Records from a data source

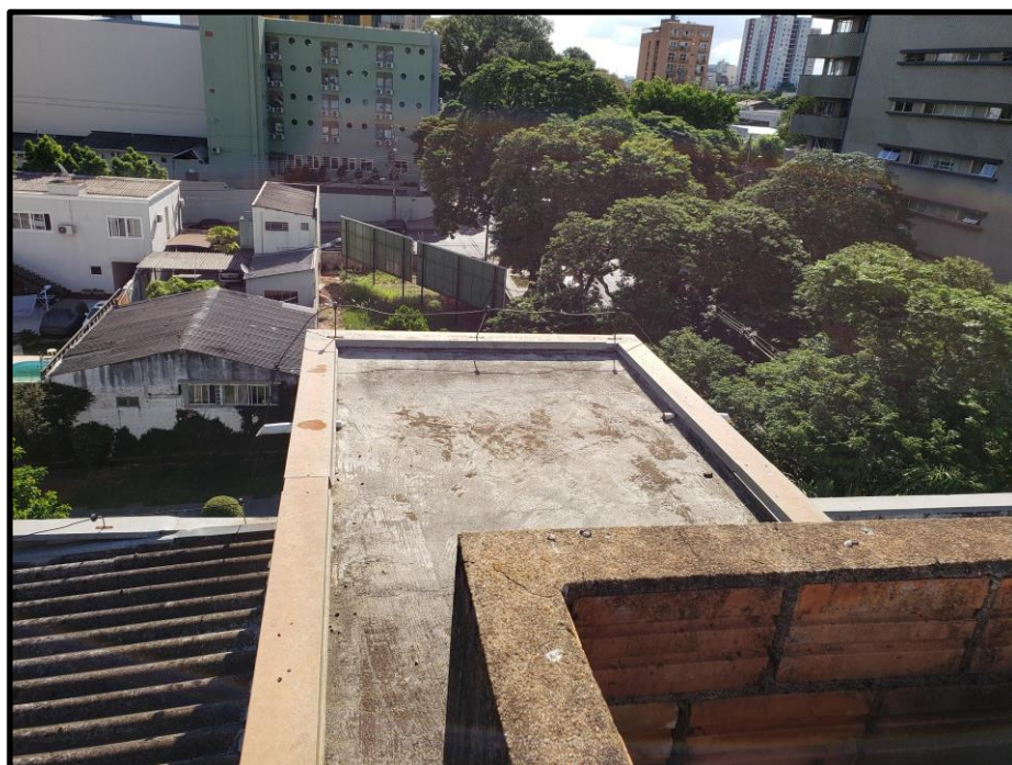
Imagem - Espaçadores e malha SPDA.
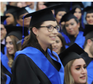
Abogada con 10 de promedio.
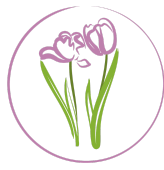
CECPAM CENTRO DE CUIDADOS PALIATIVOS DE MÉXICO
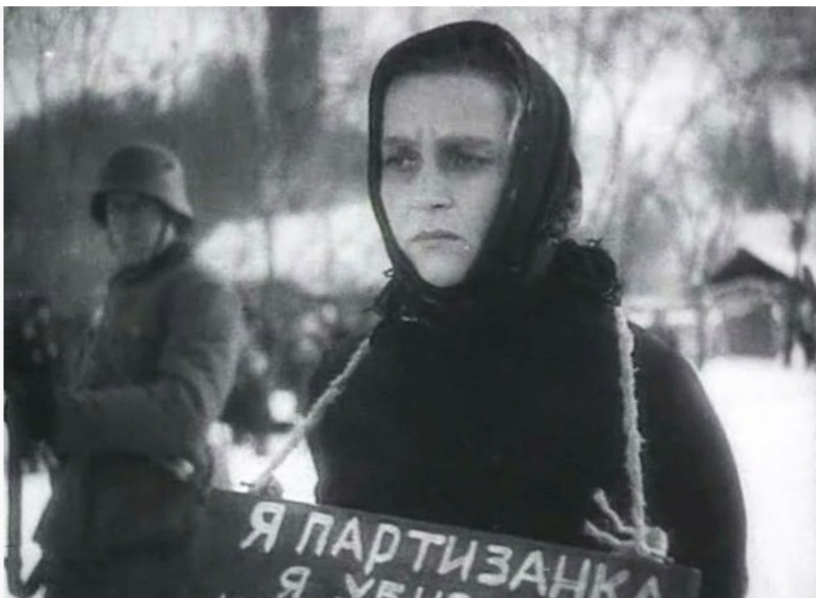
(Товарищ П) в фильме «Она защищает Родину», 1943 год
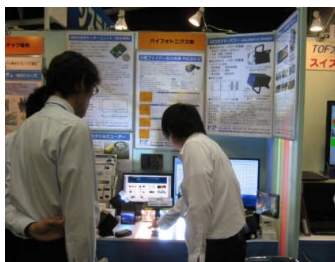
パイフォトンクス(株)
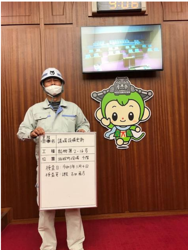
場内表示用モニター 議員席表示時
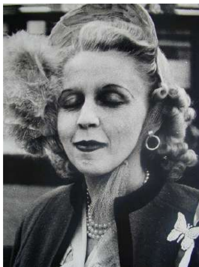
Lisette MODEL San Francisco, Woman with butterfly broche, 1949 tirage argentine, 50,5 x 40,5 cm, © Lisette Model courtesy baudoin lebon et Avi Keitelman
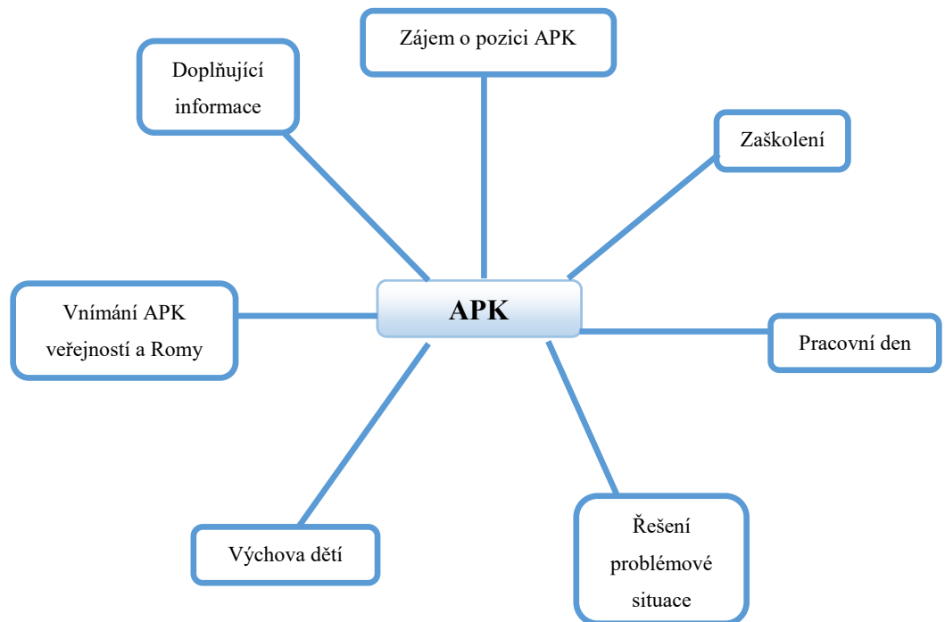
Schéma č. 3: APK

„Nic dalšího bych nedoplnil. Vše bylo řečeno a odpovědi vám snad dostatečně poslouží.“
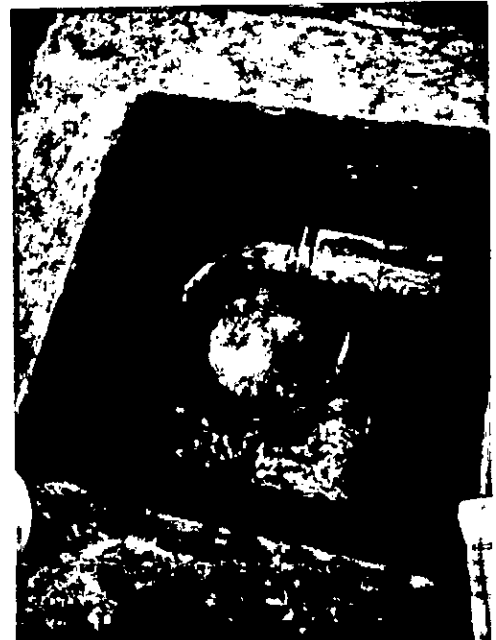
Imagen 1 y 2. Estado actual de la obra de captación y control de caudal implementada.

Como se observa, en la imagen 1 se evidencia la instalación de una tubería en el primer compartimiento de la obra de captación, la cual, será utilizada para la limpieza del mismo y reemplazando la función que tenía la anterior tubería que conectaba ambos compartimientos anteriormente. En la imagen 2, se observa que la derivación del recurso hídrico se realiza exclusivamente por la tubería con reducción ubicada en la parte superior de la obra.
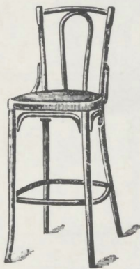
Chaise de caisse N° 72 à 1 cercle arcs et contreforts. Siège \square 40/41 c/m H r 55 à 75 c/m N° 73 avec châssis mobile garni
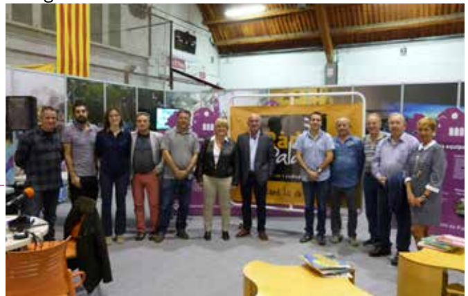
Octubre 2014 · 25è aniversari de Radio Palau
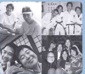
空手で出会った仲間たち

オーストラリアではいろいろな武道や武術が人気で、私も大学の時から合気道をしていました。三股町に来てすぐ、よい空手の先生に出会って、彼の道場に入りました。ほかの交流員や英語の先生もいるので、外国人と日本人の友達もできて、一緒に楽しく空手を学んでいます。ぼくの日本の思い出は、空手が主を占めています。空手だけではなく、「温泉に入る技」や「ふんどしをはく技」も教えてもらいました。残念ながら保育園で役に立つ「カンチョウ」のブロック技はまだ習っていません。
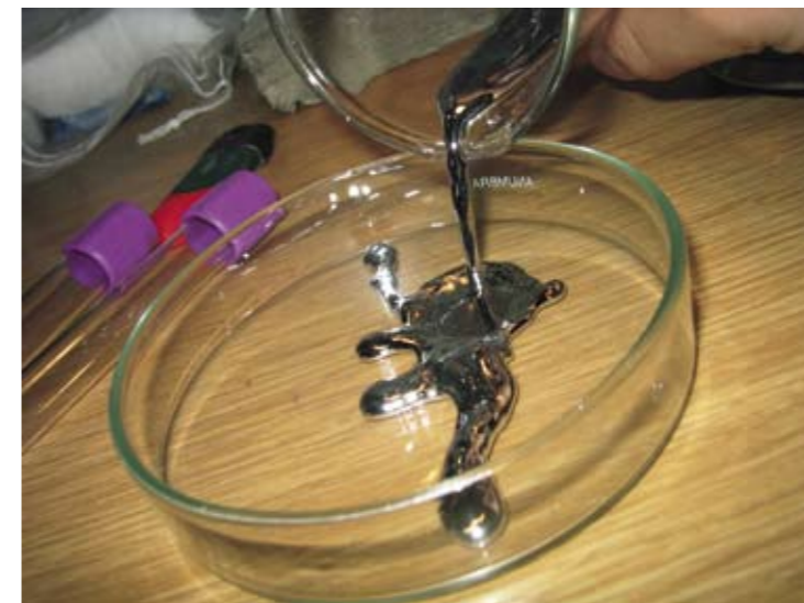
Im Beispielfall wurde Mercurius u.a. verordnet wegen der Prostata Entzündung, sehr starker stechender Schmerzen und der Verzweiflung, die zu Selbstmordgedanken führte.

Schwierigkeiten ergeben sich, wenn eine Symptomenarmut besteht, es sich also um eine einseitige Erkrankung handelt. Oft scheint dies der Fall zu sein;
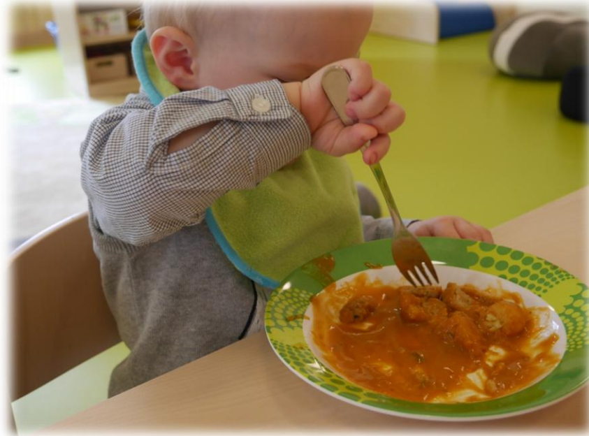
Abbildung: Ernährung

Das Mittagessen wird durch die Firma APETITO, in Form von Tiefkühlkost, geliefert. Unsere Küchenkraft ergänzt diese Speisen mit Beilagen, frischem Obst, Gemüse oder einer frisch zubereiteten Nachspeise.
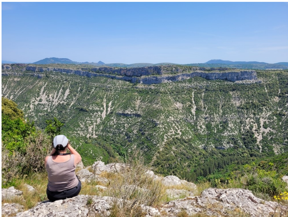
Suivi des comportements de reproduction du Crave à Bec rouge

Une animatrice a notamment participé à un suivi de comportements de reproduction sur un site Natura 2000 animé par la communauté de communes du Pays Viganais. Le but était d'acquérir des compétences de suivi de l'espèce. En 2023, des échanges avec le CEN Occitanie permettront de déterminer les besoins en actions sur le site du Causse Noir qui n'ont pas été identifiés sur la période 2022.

*Action item*:
Looking at the entries, count the lines where the word "obra" appears, and state the count by itself.

*Solution below*:
2